Recent phylogenetic hypotheses imply that the aquatic ancestry of Cetacea extends back to its last common ancestor with the semi-aquatic Hippopotamidae in the early Eocene, >50 Ma [4], [29], [30]. Whales and hippos share a variety of “aquatic” specializations including sparse hair, loss of sebaceous glands, and the ability to birth and nurse underwater [4], [31], [32], but these features traditionally have been interpreted as parallel evolutionary derivations in these two lineages. Given the hypothesis that the common ancestor of cetaceans and hippos was aquatic/semi-aquatic (Figure 1, node 50 to node 26), shared mutations in opsin genes that enhance vision in aquatic environments might be expected in whales and hippos. ML reconstructions of ancestral opsin sequences imply only two replacement substitutions (LWS: E41D; RH1: L216M) on the stem lineage. These replacements are not at key tuning sites and fail to provide compelling evidence for an aquatic shift in opsin properties in the common ancestor of hippos and whales.

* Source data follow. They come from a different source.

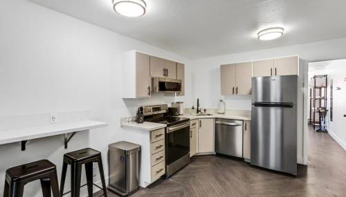 Este apartamento tem 1 quarto, uma cozinha com frigorífico e máquina de lavar louça, e 1 casa de banho com chuveiro, produtos de higiene pessoal gratuitos e máquina de lavar roupa. Toalhas e roupa de cama são providenciadas neste apartamento.
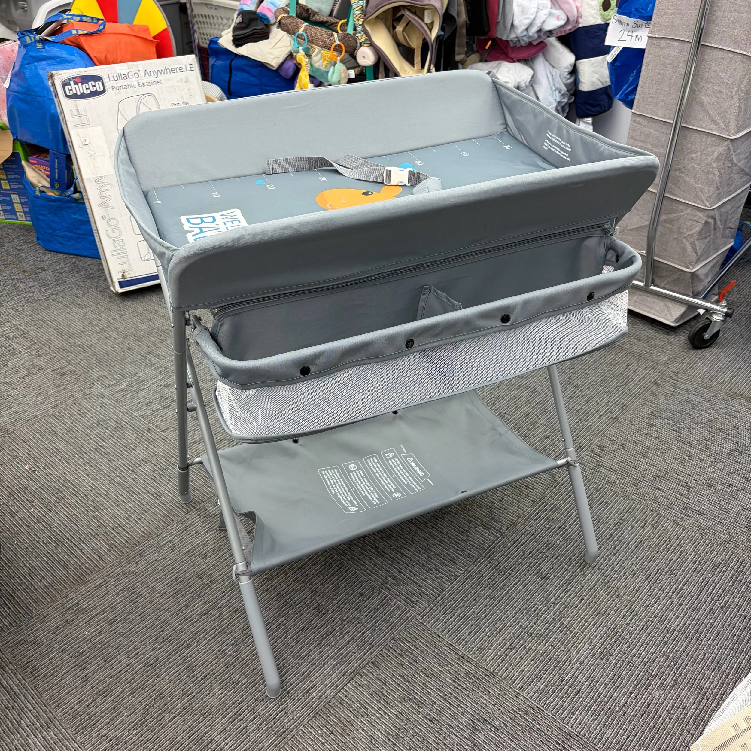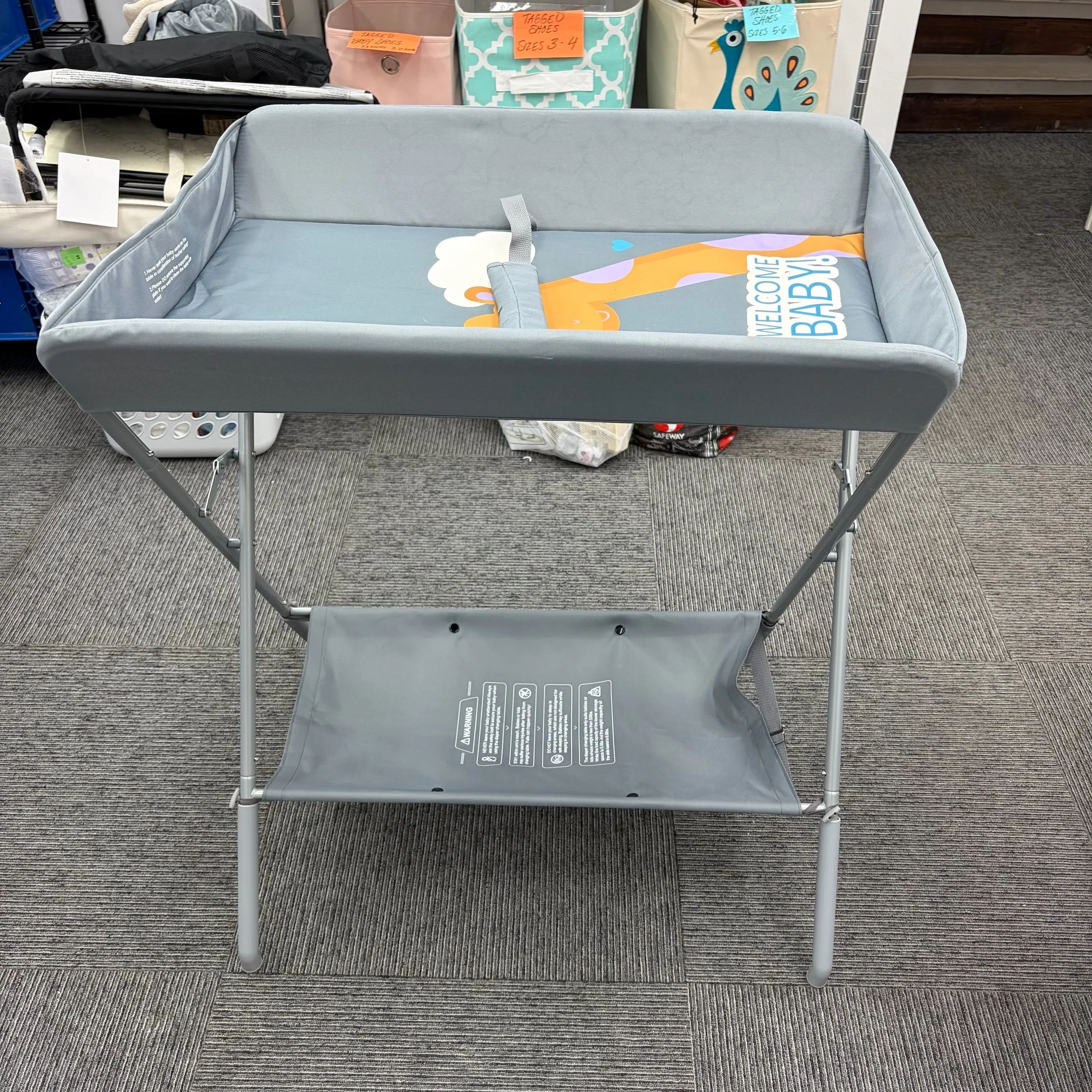 Height adjustable with storage racks and safety belt. Retails $79.99.
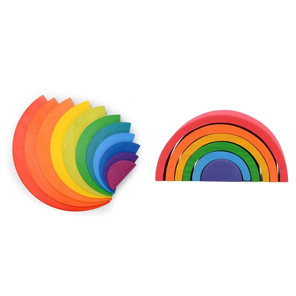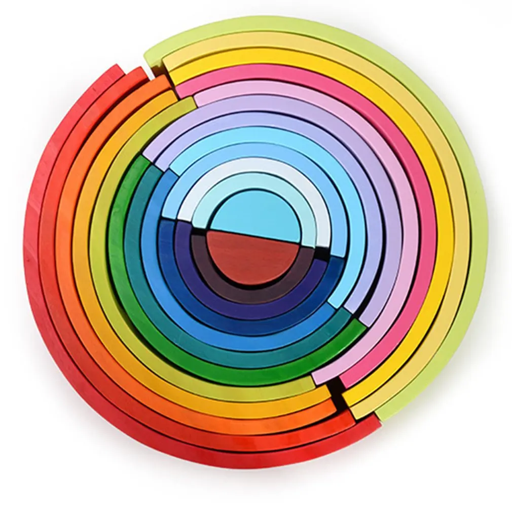 Детская 12-Цвет арочные из цельного дерева игрушка радуга строительные блоки детский сад головоломки раннего образования укладка деревянные игрушки

Following divergence from Hippopotamidae, the unique evolutionary history of Cetacea began on the stem cetacean branch (Figure 1, node 26 to node 27). The fossil record indicates that the stem cetacean lineage was marked by a profound transition in anatomy from primitive semi-aquatic forms to obligately aquatic taxa with vestigial hindlimbs [3], [33][35]. Ancestral reconstructions imply that stem cetaceans retained dichromatic color vision with functional SWS1, LWS, and RH1 as in Hippopotamus and more distantly related artiodactyls; a blue shift in RH1 also occurred on the stem cetacean branch (Figure 1). Specifically, the amino acid array at three key tuning sites (83, 292, 299) [21], [25] changed from DAS to NSS, with an inferred λmax shift from 501 to 484 nm. Our ML reconstruction supports Bischoff et al.'s [25] hypothesis that RH1 was blue shifted on the stem cetacean branch, but contradicts their assertion that the ancestral cetacean expressed the amino acids NSA as in deep-diving physeteroids.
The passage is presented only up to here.